Avtovaz El Lada electric car
Thanks to a single, sweeping decree, Russia could soon become a much more hospitable place for electric cars.
The country is currently home to just a small number of electric cars, and its charging infrastructure is relatively undeveloped.
But the national government now requires that all gas stations in the country must be equipped for electric-car charging in little more than a year, by November 2016.
The order to provide charging stations on such a large scale was signed August 27 by Prime Minister Dimitry Medvedev, reports The Moscow Times.
Gas-station owners will be required to cover all costs of installing and operating charging stations, the paper says.
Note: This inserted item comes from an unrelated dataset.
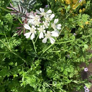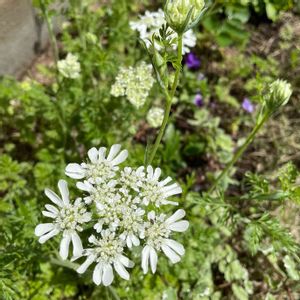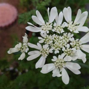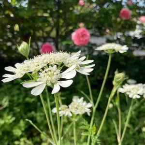 この白い花の名前教えてください。 「オルレア ホワイトレース」 別名 オルレア・グランドフローラ ゆうさん、ビタミンR1さんに教えて頂きました。

Estimated costs for a charging station in Russia range from 100,000 rubles ($1,480) for a Level 1 AC unit, to 3.5 million rubles ($51,720) for a DC fast-charging station, according to Maxim Osorin, head of electric-car seller and charging-network operator Revolta Motors.
2016 Mitsubishi i-MiEV
The government decree did not specify what kind of charging stations owners will have to install, so it's possible many will go for the cheapest option.
Officials hope a mandatory expansion of the charging network will increase electric-car sales.
Only about 500 electric cars have reportedly been sold in Russia since 2011, when the Mitsubishi i-MiEV first went on sale there.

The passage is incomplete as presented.